In our exercise, the coefficient '3' in front of the tangent function indicates a vertical scaling. This means the height of its peaks and the depths of its troughs are multiplied by three, making them more pronounced. In contrast, a horizontal transformation is observed by the \frac{x}{2} term inside the tangent function. This modification actually stretches the function horizontally, meaning the period of the function—the distance between repeating patterns—is increased.

Visualizing these changes is key:

• The vertical stretch makes the graph's movement from peak to valley more drastic.
• The horizontal stretch makes each wave of the tangent longer before it repeats.

It's essential to carefully analyze both kinds of transformations to accurately plot the graph of a tangent function.

A vertical asymptote is a line the function approaches but never touches or crosses. The basic \(y=\tan(x)\) function has vertical asymptotes at \(x=n\pi + \frac{\pi}{2}\), for any integer 'n'.

What happens during tangent function transformations? The locations of these asymptotes can also shift. In our exercise, since we have \(y=3 \tan \frac{x}{2}\), the horizontal stretch affects the position of the asymptotes. Now, they occur every \(2\pi\) rather than \(\pi\), resulting in asymptotes at \(x = -\pi, \pi, 3\pi\), within the given range. These are points where the graph shoots to infinity, making them critical to note when sketching the curve of a transformed tangent function.

Remember, the existence of vertical asymptotes and their correct placement are crucial for the graph’s accuracy of any tangent function.

The period of a function is the length of the smallest interval over which the function's values repeat. For the basic \(y=\tan(x)\) function, this interval is \(\pi\). However, a transformation inside the function, like the \(\frac{x}{2}\) in our exercise, modifies this period.

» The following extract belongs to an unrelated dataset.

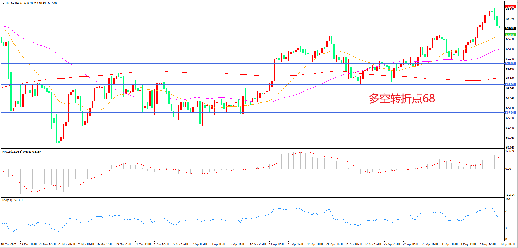 4小时图看,油价冲击70美元附近后快速回落,短期涨势受到遏制,但形态上依然处于多头趋势之内,均线系统呈多头排列,MACD红柱缩短,RSI指标向下,日内震荡上行概率较大。

To understand the effect, we use the formula for the period of a transformed tangent function: \[\text{Period} = \frac{\pi}{|b|}\] where 'b' is the coefficient of 'x' in the tangent function. In our case, the period becomes \(\frac{\pi}{1/2} = 2\pi\), doubling the length of the basic tangent's cycle.

This change in period helps us determine the correct spacing between peaks, valleys, and asymptotes. The expanded period especially means fewer cycles over a given x-interval compared to the untransformed tangent, which students must correctly illustrate to ensure their graph's veracity.